Моя лаборатория — как храм, где я понимаю, во что верю. Гул машин сливается в радостный гимн, стоит войти внутрь. Я знаю, кого могу встретить — и как они себя поведут. Будет тишина и будет музыка, время приветствовать друзей и время оставлять их наедине с собственными мыслями. Здесь жизнь подчинена определенным ритуалам; часть из них я понимаю, другие нет. В лаборатории царит мое лучшее «я», которое стремится справиться с любой задачей. Сюда приходят в особенные дни, как в церковь. По праздникам, когда весь остальной мир замирает, у меня открыто. Это островок безопасности и надежное убежище, пристанище на рабочем фронте, место, где можно спокойно осмотреть раны и подлатать доспехи. Я выросла в лаборатории — как и в церкви, — поэтому они навсегда со мной.
Лаборатория — это и место, где я пишу. С годами я далеко продвинулась в том редком прозаическом жанре, который подразумевает сжатие результатов десятилетней работы пяти человек до шести страниц научной публикации, написанной на языке, который мало кто понимает и на котором никто не говорит. Статья описывает детали моей работы с точностью лазерного скальпеля, но ее утонченная красота — своего рода подделка, манекен нулевого размера, призванный продемонстрировать великолепие платья, которое на живом человеке обречено смотреться гораздо хуже. В этих публикациях нет сотен необходимых сносок или таблиц с данными, которые пришлось месяцами переделывать после того, как готовившая их студентка магистратуры внезапно уволилась, бормоча по дороге к двери, что не желала бы моей жизни. Один из параграфов я писала пять часов: в самолете по дороге на похороны, в реальность которых не могла поверить. Даже черновик этой статьи благодаря моему ребенку был исчеркан цветными карандашами и заляпан яблочным пюре еще до того, как на нем просохла после печати краска.

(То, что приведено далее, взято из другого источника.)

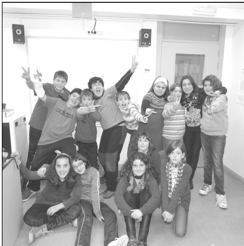
Bastida Ikastola – Bastida 6. maila

Пусть в моих научных публикациях скрупулезно рассказано о растениях, когда-то покрывавших Землю, экспериментах, прошедших как по маслу, и подтвержденных данных, они преступно умалчивают о других важных вещах. Например, о целых садах, превратившихся в перегной, плесень и труху; электрических сигналах, которые никак не хотели стабилизироваться, и картриджах для принтера, которые мы реанимировали в ночи самыми зверскими методами. Я с удручающей ясностью сознаю: будь на свете способ добиться успеха, минуя стадию отчаяния, кто-нибудь уже непременно сделал бы это, упразднив необходимость экспериментов, — но журнала, в который я могла бы написать о том, как моя наука создается и руками, и сердцем, по-прежнему не существует.
Неизбежно наступает утро: восемь часов. Пора менять реактивы, выписывать чеки, покупать билеты на самолет. Я опускаю голову и заполняю очередной научный отчет, пока в горле комом копятся невысказанные боль, гордость, сожаление, страх, любовь и тоска. Двадцать лет работы в лаборатории подарили мне две истории: ту, которую я должна написать, и ту, которую я бы написать хотела.